There are many information sources other than the peer-reviewed research that are appropriate for science students

When asked about the types of resources most appropriate for first- and second-year undergraduate students, interviewees offered a wide variety of options. Following are several frequently mentioned resources:

  • Reviews: Five of 10 interviewees mentioned reviews—peer-reviewed topic overviews—because of their tendency to be easy to read and the lack of challenging methods sections.
  • Textbooks: Five interviewees identified textbooks as good information sources, again because of readability.
  • Easy journals: Three interviewees noted “easy journals” had primary research articles that were more intellectually accessible. An easy journal was defined by two interviewees as those with high-impact factors (such as Nature or Science) because they felt the writing standards tend to be higher in those journals, making their articles easier to read and understand. The remaining interviewee described easy journals as being science education journals, which are scientific in nature but are meant to be accessible to nonscientists.
  • Blogs, online digests, forums, and the like: Three interviewees recommended platforms where students could interact with researchers or where they could read about scientific work without having to engage with the peer-reviewed literature.

Other resources mentioned by only one or two respondents included popular science articles, audiovisual media and podcasts, educational resources, reference tools, sections of primary articles, safety sheets, science websites, news, and course notes.
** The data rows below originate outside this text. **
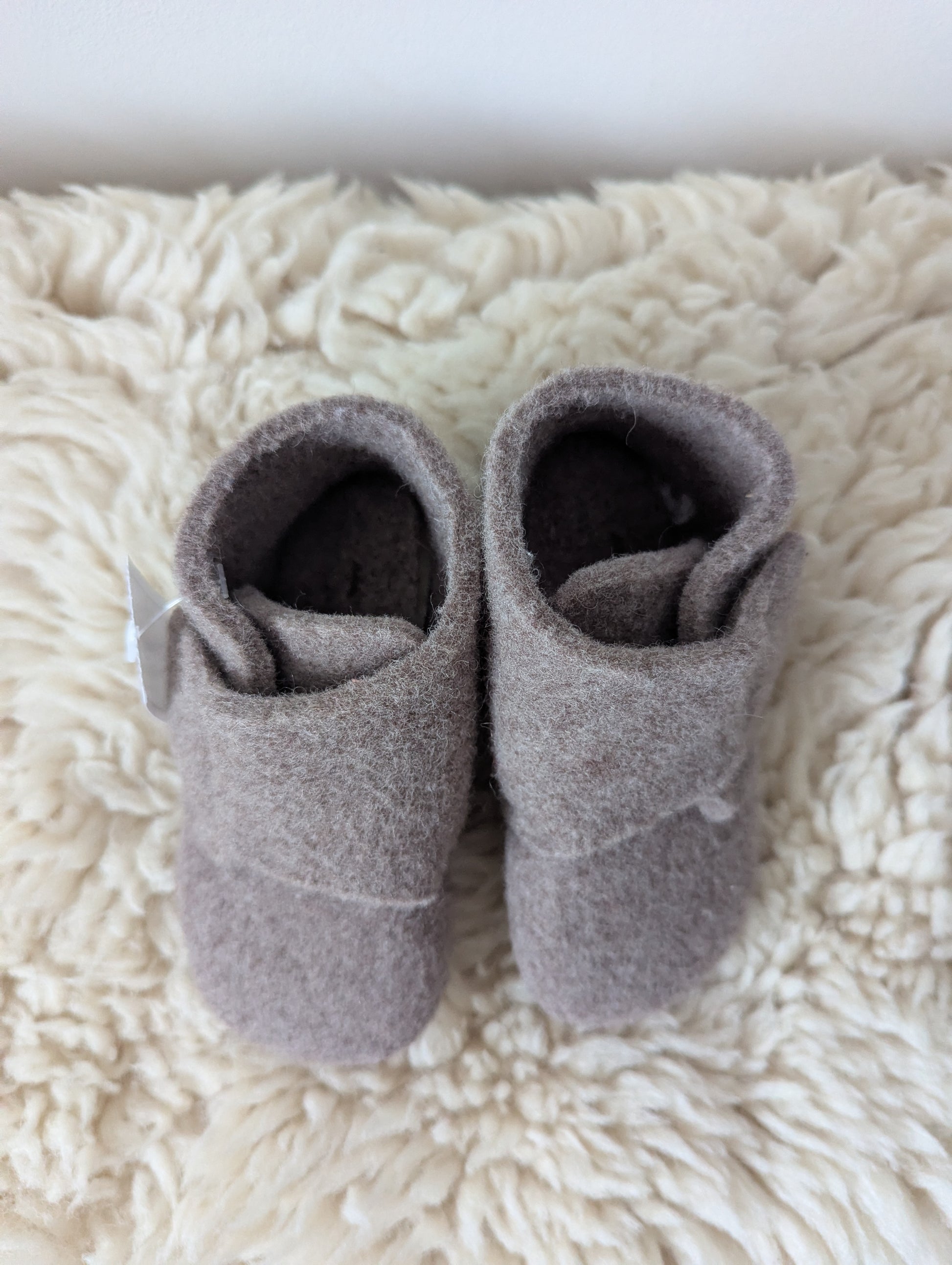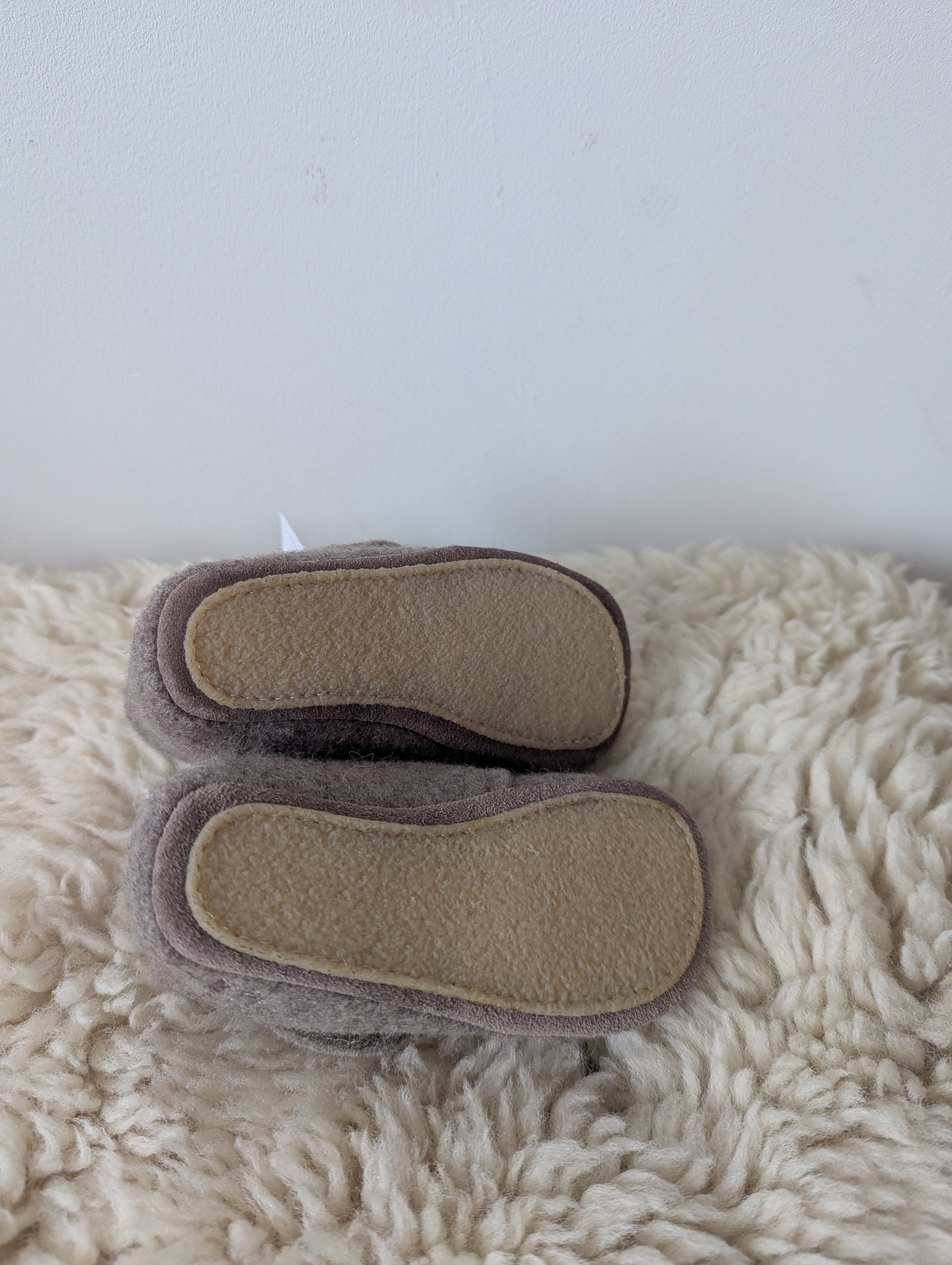 Lichtbruine sloffen in nieuwstaat. met zooltjes eronder
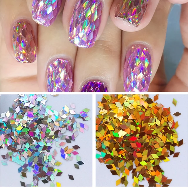 1 Box Laser Gold Silver Nail Sequins Sparkles Holographic Rhombic
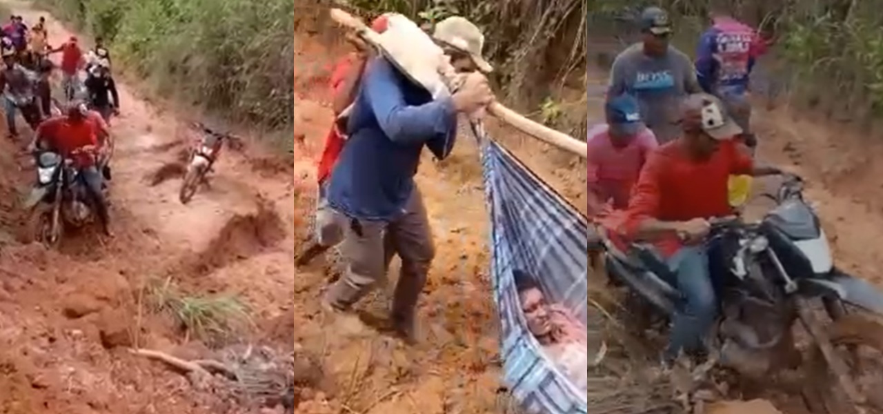 O acesso está tão intrafegável, cheio de buracos, que um doente precisa ser transportado em uma rede porque a ambulância não passa pelo local.
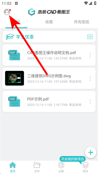 1、打开浩辰CAD看图王APP,点击界面左上角的头像图标。
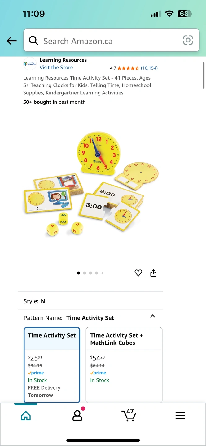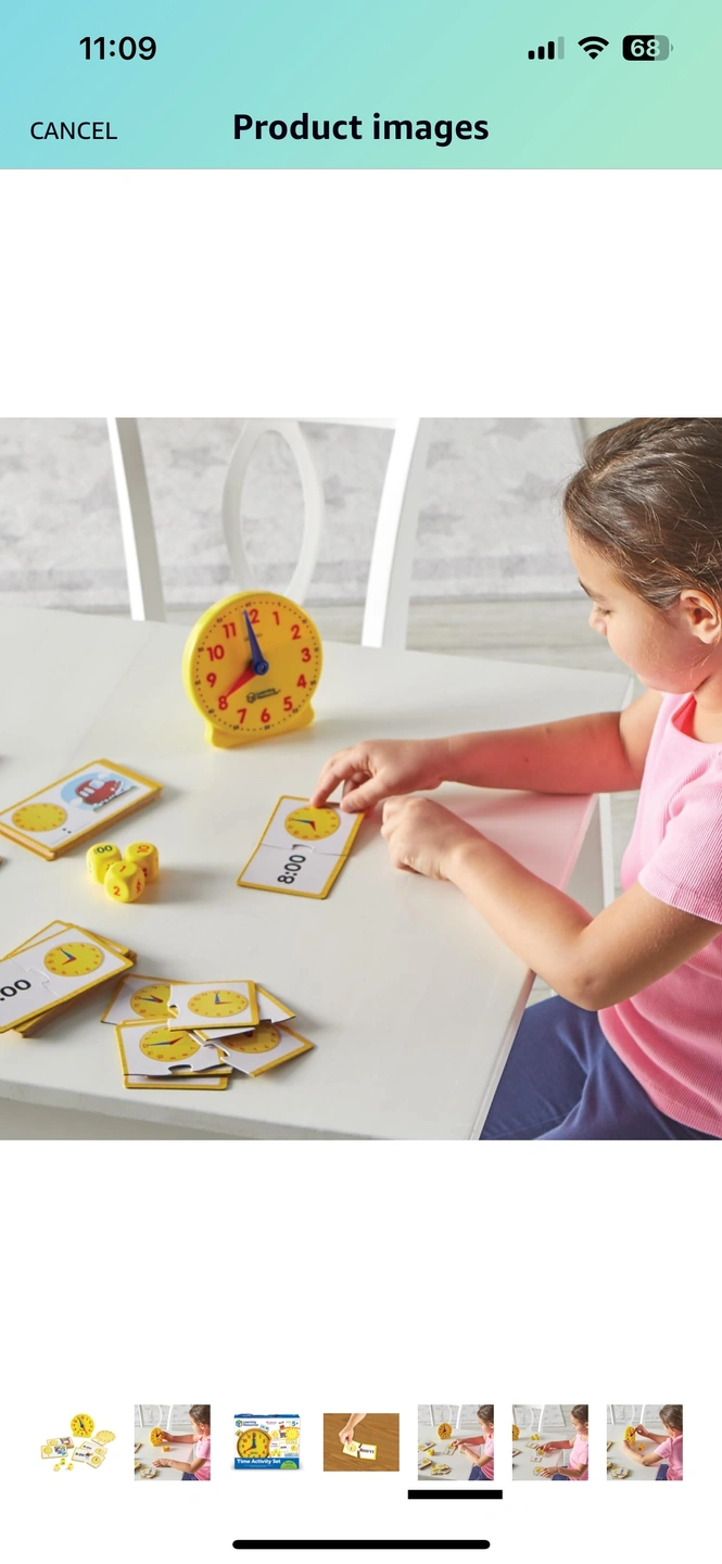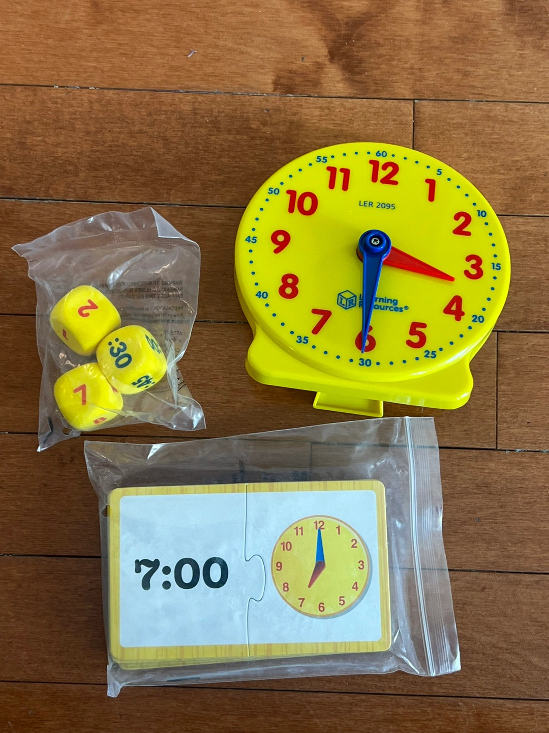 Learning Resources time activity set. Includes clock, number cubes (unopened in bag), and time puzzle cards. Great for teaching kids to tell time. Pick up only.

An additional recurring suggestion in the context of resources (mentioned by five interviewees) was that lower-year undergraduate students could be well served by an instructor-curated list of resources. Such a curated list could have a range of resource types and might contain peer-reviewed research that the instructor deemed intellectually accessible to the students, or high-quality but non–peer-reviewed materials.

Instructors consider science students’ searching skills to be underdeveloped

Seven of the interviewees mentioned some aspect of their students’ literature searching abilities, and most of their comments concerned their students’ lack of formal training. Interviewees indicated that their students seldom received literature searching instruction—either from a librarian or from their course instructors—and their use of searching tools like Boolean operators was thought more likely to be accidental than deliberate. Two interviewees suggested that advanced searching skills are not necessary for students since they are using Google or other databases where they can locate relevant results despite poor search skills. A professor of physics addressed both elements by observing that “students are unknowingly using Boolean searches already by going into Google …and just typing as many words as they can think of.”

Discussion

This study offers considerable insight into science faculty’s expectations of their students’ IL skills not previously captured in the literature. These insights are instructive for science librarians, especially those for whom the study of science is not in their own educational background. The combination of the facts gathered in the survey and corresponding themes gathered in the interviews yields particularly interesting insights into how faculty and science librarians might provide more timely and relevant IL instruction to undergraduates. The patterns that emerge from these pairings are the focus of this discussion.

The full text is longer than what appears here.